Repeat each line of the material below exactly as it appears, minus any pictures.

(INPUT DATA begins)

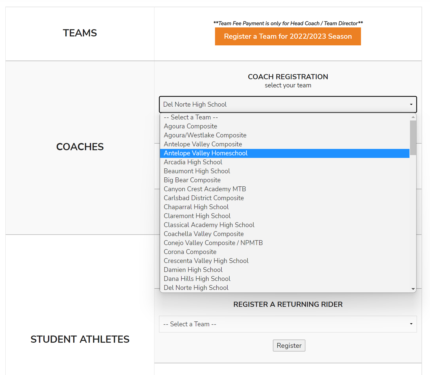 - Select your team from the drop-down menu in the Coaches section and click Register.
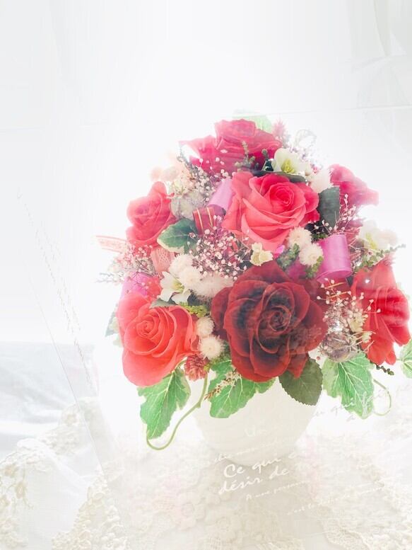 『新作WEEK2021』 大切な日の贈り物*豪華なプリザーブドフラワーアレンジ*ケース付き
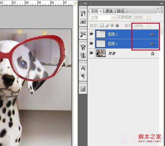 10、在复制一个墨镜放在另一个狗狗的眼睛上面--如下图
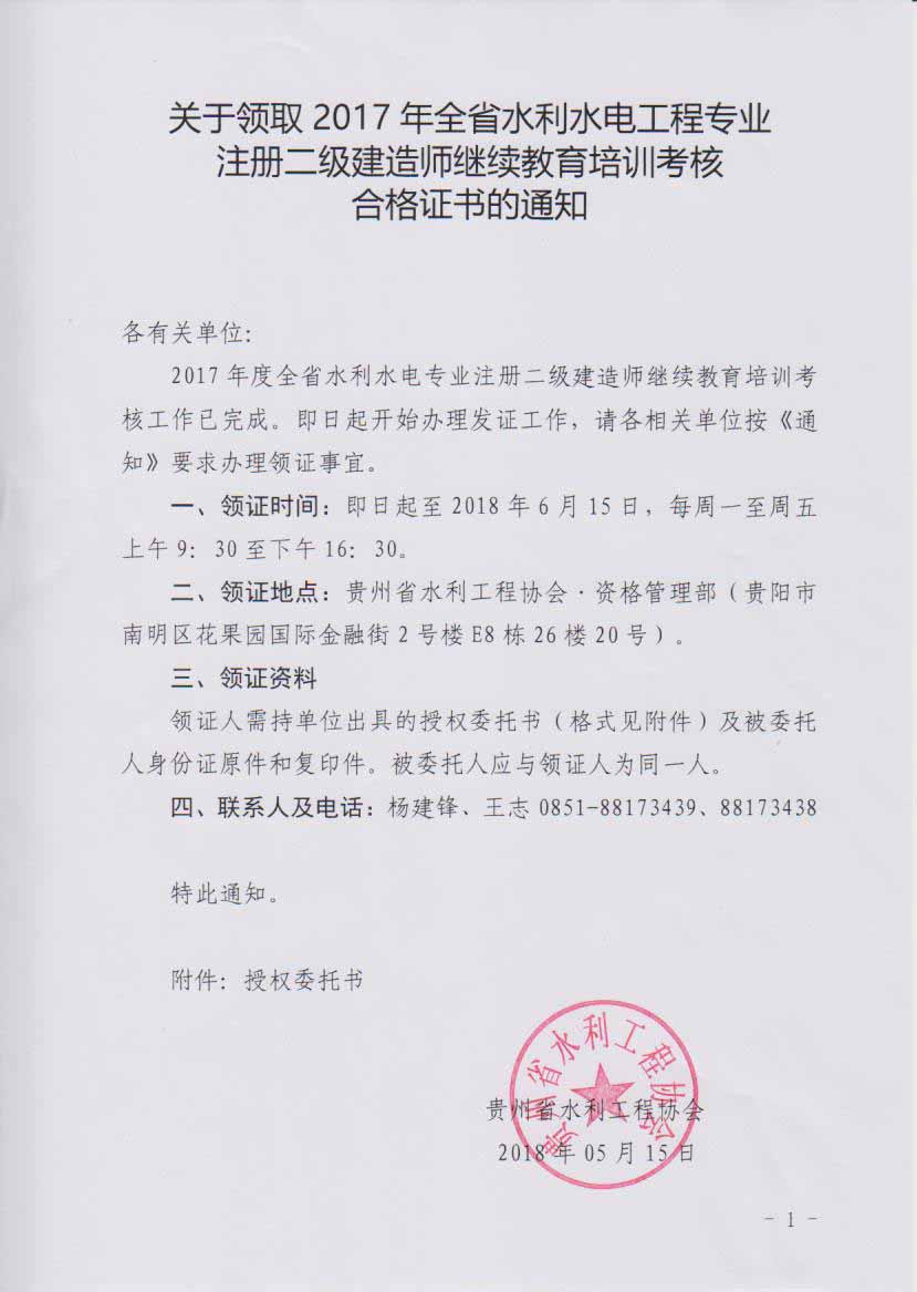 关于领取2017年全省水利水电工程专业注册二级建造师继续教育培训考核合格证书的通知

(INPUT DATA ends)

ANSWER FOR THE TASK>
 - Select your team from the drop-down menu in the Coaches section and click Register.
 『新作WEEK2021』 大切な日の贈り物*豪華なプリザーブドフラワーアレンジ*ケース付き
 10、在复制一个墨镜放在另一个狗狗的眼睛上面--如下图
 关于领取2017年全省水利水电工程专业注册二级建造师继续教育培训考核合格证书的通知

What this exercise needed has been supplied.